Here at DeafInPrison.com, we’re not above admitting to a mistake. After all, we make so few of them. But alas, to err is Human. Yesterday, we posted the story of a 12 year-old girl who was denied the right to use ASL on a New Jersey school bus. Well, it turns out that story occurred in 2001 – and was settled. We got the story through FaceBook, from abcnews.go.com, an online aggregator of ABC News Corporation. They date the page as April 18, but neglect to include the year. Sources tell me, this is a common practice of theirs, and they do it to draw views to their site.

I am truly sorry this happened. I’m whetting up the cane-whip, and the army of fact checkers, here at the massive DeafInPrison.com Plaza, have each been sentenced to a dozen lashes.

All kidding aside, you have my apology.

Wampus Country
Wampus Country

On the 17th of June, we posted a humorous piece on Darwinian Criminals. The title of that piece was in homage to one of my personal heroes – Bugs Bunny – who commonly would refer to those of lesser intelligence then himself, as maroons. We’ve all seen him chewing his carrot and saying, “Whatamaroon!” Well, much to my chagrin, it turns out there are actually people who identify, ethnically, as Maroons. It appears, the Maroon people were escaped slaves from the West Indies and the Americas, who formed independent settlements and intermarried with indigenous populations. I always thought it was a play on the words moron and the color maroon.

Of course, it was never my intention to hurt or insult anyone – other than the actual Darwinian Criminals – and for that too, you have my apology.

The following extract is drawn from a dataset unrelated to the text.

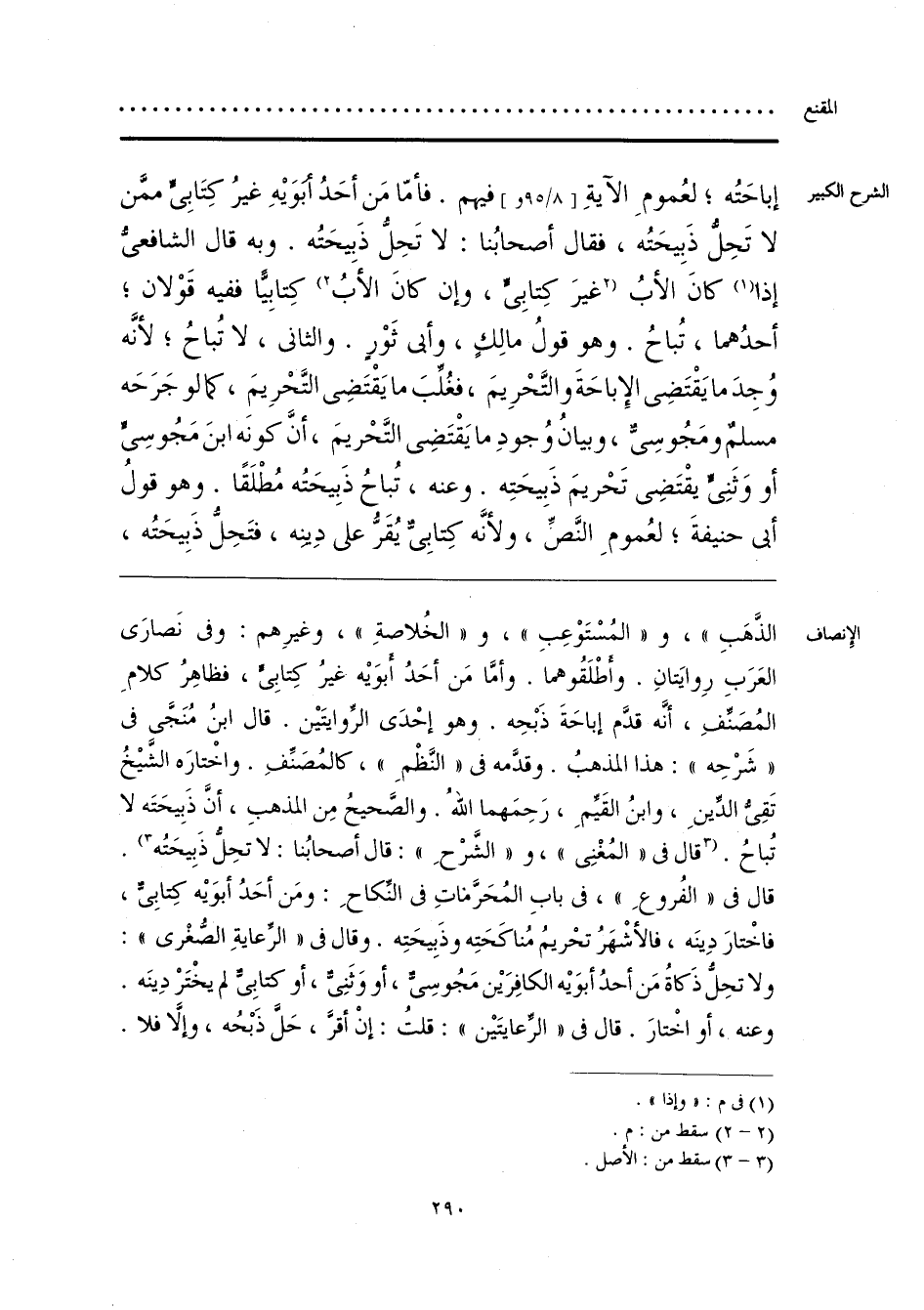 الذَّهَبِ»، و «المُسْتَوْعِبِ»، و «الخُلاصةِ»، وغيرِهم: وفي نَصارَى العَرَبِ رِوايَتانِ. وأطْلَقُوهما. وأمَّا مَن أحَدُ أَبوَيه غيرُ كِتابِيٍّ، فظاهِرُ كلامِ المُصَنفِ، أنَّه قدَّم إباحَةَ ذَبْحِه. وهو إحْدَى الروايات. قال ابنُ مُنَجَّى في «شَرْحِه»: هذا المذهبُ. وقدَّمه في «النَّظْمِ»، كالمُصَنِّفِ. واخْتارَه الشَّيخُ تَقِيُّ الدِّينِ، وابنُ القَيِّمِ، رَحِمَهما اللهُ. والصَّحيحُ مِن المذهبِ، أنَّ ذَبِيحَتَه لا تُباحُ. [قال في «المُغْنِي»، و «الشَّرْحِ»: قال أصحابُنا: لا تحِلُّ ذَبِيحَتُه] (¬1). قال في «الفُروعِ»، في بابِ المُحَرَّماتِ في النِّكاحِ: ومَن أحَدُ أبوَيه كِتابِيٌّ، فاخْتارَ دِينَه، فالأشْهَرُ تحْريمُ مُناكَحَتِه وذَبِيحَتِه. وقال في «الرِّعايةِ الصُّغْرى»: ولا تحِلُّ ذَكاةُ مَن أحدُ أبوَيه الكافِرَين مَجُوسِيٌّ، أو وَثَنِيٌّ، أو كتابِيٌّ لم يخْتَرْ دِينَه. وعنه، أو اخْتارَ. قال في «الرِّعايتَين»: قلتُ: إنْ أقرَّ، حَلَّ ذَبْحُه، وإلَّا فلا.

I don't know why they call it the humerus, there's really nothing funny about it. Medical Art Library
I don’t know why they call it the humerus, there’s really nothing funny about it. Medical Art Library

And lastly – albeit with a broken wing, reconstructed with pipes, screws, and countless other medical marvels – and in great pain, Marsha Graham managed to attend last night’s ASL meetup. It was an opportunity for us to talk regarding the numerous projects we’ve got in the can, together. Of course we did most of that talking in English, which kind of defeats the point of the ASL group – and seriously cut into my sorely needed lesson, but it was good to see her, and actually necessary, to get some of these details hammered out. I did however, learn the 4 seasons though, as well as the sign for best friend, and the difference between hard (as in difficult) and problem – two very similar signs. So now I can count, spell, do the days of the week, family members and a few other very basic signs.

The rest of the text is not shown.